You all are like dogs at Mr. Vick's house: Love the master. Hate the competition.

@Colin Clifford

Actully, I'd be on his side. I'd love to sit next to Silent Bob! XD

Seriously, I'd love to chat to him talk to him about his movies. Ya know, be friendly an' talk.

But really, I'd rather sit next to a nice (yet chubby) smart guy than a regular weighted guy who is aggressive with the shoulder rest or rude.

hmmm... see an opportunity to get your Q rating up there a bit, didja big boy? pathetic

He should go on Celebrity Fit Club and try again

Why can't the LA TImes report news? What sources is Leslie Gornstein using to buttress her assertion that the man fit well in his seat and that "there was a fatter guy on the same plane"? Look at this man's picture. He's huge. There is no way he fit well into a SW AIrlines seat. Put those cookies down, Leslie, pull up your sweatpants, and GET REAL.

I can't stand sitting next to thees people who think they can fit into a seat, and how comfortable am I sitting next to them. Buy 2 Seats

Fat people are like smokers, they think their choice to eat/smoke only affects them and not those next to them. Not so. One time I sat next to a fat person who was quelling over and under the arm rest and I felt completely claustrophobic. It took them so long to sit down that I didn't ask them to stand up so I could pee. Instead I held it and had a stomach ache for two days.
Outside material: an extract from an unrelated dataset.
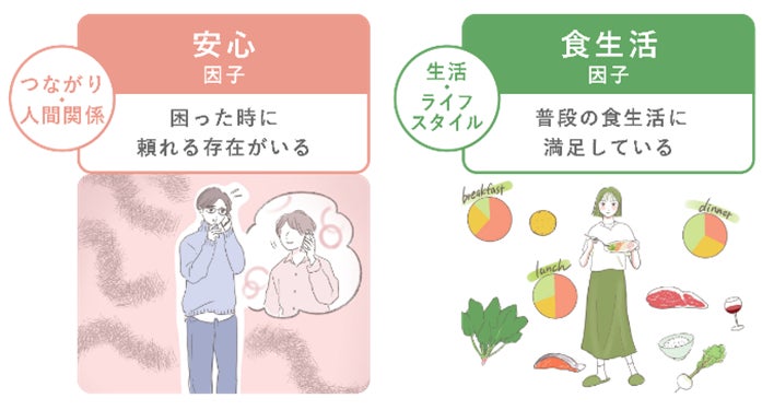 単身世帯にとって重要度が高い一方、非単身世帯と比較して満足度が低い因子として「安心因子」「食生活因子」が挙げられます。「困った時に頼れる存在がいる(安心因子)」は男性のスコアが特に低くなっています。また「食生活に満足しているか(食生活因子)」は、単身世帯にとって非常に重要なテーマです。“どうにもならない問題”ではなく、単身世帯自身の変化や周囲のサポート、企業が提供するサービス等によって、幸福度向上に寄与できる要素と言えるでしょう。

Aside from that the fat (obese) person was stinky and kept leaning forward to eat the food from their carry on between their ankles and each forward bend sent more flesh in my direction. It was worst flight in my life. Luckily it was a short flight. Fat people need to get it together by realizing they don't live in a vacuum. Their fat is a pain to everyone around them. Especially in the air!!

the reason the "fatter guy" stayed on was because he wasn't a STAND BY customer. He had more right to his two seats than Kevin Smith did. Kevin Smith is still awesome though lol

"Safety risks" aren't the only legitimate reason for removing fat people from airplanes. Other passengers paid hundreds of dollars for tickets so that, at the very least, they could sit comfortably in their own seats. If Smith's fat spills over into the adjacent seats, passengers aren't getting what they paid for. If this poll's authors wanted an accurate representation of how people felt, they would simply ask how many people felt airlines had the right to remove overweight people. This poll is designed to give people who support Southwest no option that represents their feelings, so they won't vote. Thus the results are artificially skewed against Southwest.

This blog also accepts Smith's unconfirmed assertions that a fatter man rode the plane, and that Smith himself would fit comfortably in one seat. This strikes me as irresponsible journalism. Smith claims he declined to ask why he was turned away, while a fatter man was not, because he didn't want to throw the fatter man "under the plane." This is a funny story, but not a reliable source for a legitimate newspaper. Even if there was another fat man, there is no reason to assume Southwest discriminated against Smith. Perhaps the Southwest employee, who has to judge these things on the spur of the moment, merely thought Smith was fatter, or didn't notice the other man.

Smith's assertion that he fits comfortably in one seat is belied by the fact that he always buys two seats when he flies Southwest. Why would he do so, unless he knew that riding in one seat would cause problems? At the very least, Smith knew either that he may cause discomfort to an adjacent passenger, or that Southwest may not let him ride in one seat. He had fair warning.

These airline policies provide one of the few remaining incentives, meager though it may be, for fat people to lose weight. It will be a shame if rising sensitivity and political correctness end up making it comfortable for fat people to remain fat, while the rest of the U.S. suffers through awkward flights -- not to mention inflated health care costs -- due to their indulgence.